Trade the global markets

OTC Futures at ICM Brokers

Online trading in OTC derivatives with ICM Brokers enables investors to take advantage of swift order execution on a variety of commodity, energy, financial, and index futures instruments.

These highly liquid instruments are traded on market execution basis with tight market spreads, low margin requirements and multiple order entry capability. OTC futures instruments are cash-settled with no delivery allowed.

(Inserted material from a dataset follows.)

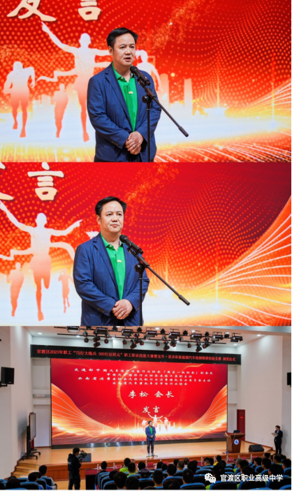 首先,由官渡区人大常委会副主任、官渡区总工会党组书记、李建勋主席致辞,李主席代表区总工会向本次竞赛圆满成功表示热烈的祝贺,对竞赛的组织单位和参加竞赛的各支队伍及为竞赛付出辛勤劳动的全体工作人员表示衷心的感谢。结合此次竞赛李主席提出了殷切希望,一是把此次技能竞赛作为一个新的起点,做好总结宣传工作,此次竞赛是汽车行业弘扬工匠精神的一次体现,也是产教融合校企合作的成功的案例,是整个社会对低碳环保、绿色出行的要求的体现,进一步营造了新能源汽车发展及职业教育发展的良好社会氛围和方向。我们要做好宣传,善于总结,提升竞赛的影响力,把竞赛成果向市场转化为全面推进官渡区社会主义现代化建设贡献智慧和力量。二是要深刻认识到,学习和掌握技能不仅是我区经济发展、社会进步的需要,更是我们广大职工实现自身价值、发展自己事业的需要。三是各位选手要以岗位为舞台,大力鼓励劳模精神、劳动精神和工匠精神,增强创新意识,推进官渡区汽车检测维修行业高速高速的发展,为实现全区当好排头兵,建设新中心、引领现代化的奋斗目标打下坚实的基础。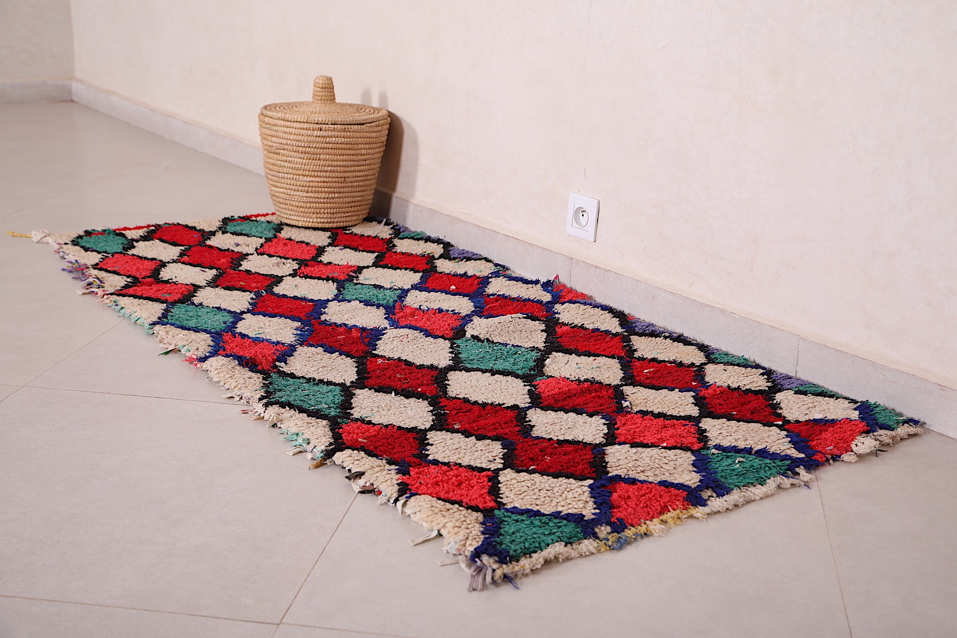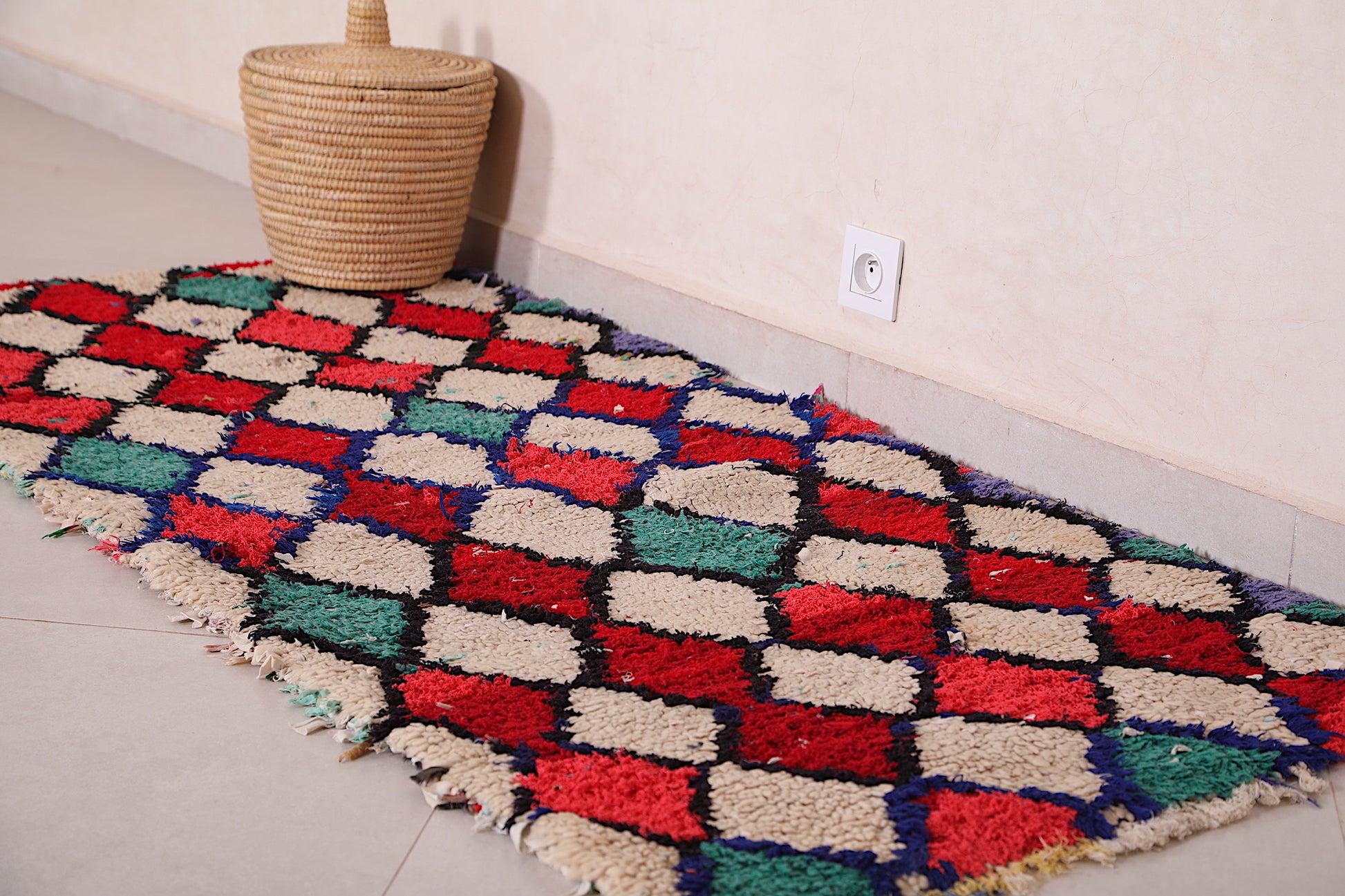 Add a burst of color and cultural elegance with this Colorful Handmade Moroccan Trellis Rug, sized at 2.6 x 5.8 feet. Lovingly handwoven in Morocco, this eye-catching piece features a trellis pattern of interlocking diamonds in vivid hues of green, red, blue, pink, and black, all set against a soft ivory background. Its plush shag texture adds warmth and comfort, making it ideal for hallways, bedrooms, or any space in need of a playful, artisan touch.

OTC Futures Instruments at ICM Brokers

  • Energy/Commodity OTC Futures
    Crude Oil, Natural Gas, Sugar
  • Financial OTC Futures
    Euro, British Pound, Japanese Yen, Swiss Franc, Canadian Dollar, Australian Dollar
  • Index OTC Futures with ICM Brokers
    DJ, NASDAQ, S&P

Advantages of Trading with ICM Brokers

  • Swift online order execution
  • Tradable on market spreads on ‘market execution’ mode
  • Competitive margin requirements allowing for increased exposure to the market
  • Initial margin requirements of $1,000 per standard lot; no maintenance margin
  • Multiple order entry capability including stop, take profit and limit orders
  • No slippage on limit and stop orders
  • Extensive charting tools and financial news to add value to your trading experience

About the Futures Market

Futures contracts are derivative instruments that are standardized in quality, quantity and delivery in order to facilitate trading. They are derived from traditional commodities as well as other non-traditional asset classes and are traded on various exchanges around the world on margin basis.

The buyer of a futures contract has the obligation to take delivery of the underlying asset as per the contractual terms of the exchange. Conversely, the seller must deliver the underlying product or instrument under the terms of the contract. Of course both parties may dissolve their commitment by closing out their contracts prior to settlement date. If the futures contract is cash-settled, the trader who sustains a loss must consequently settle with the clearing house (usually part of the exchange), which acts as a guarantor and transfers the funds to the trader who made a profit.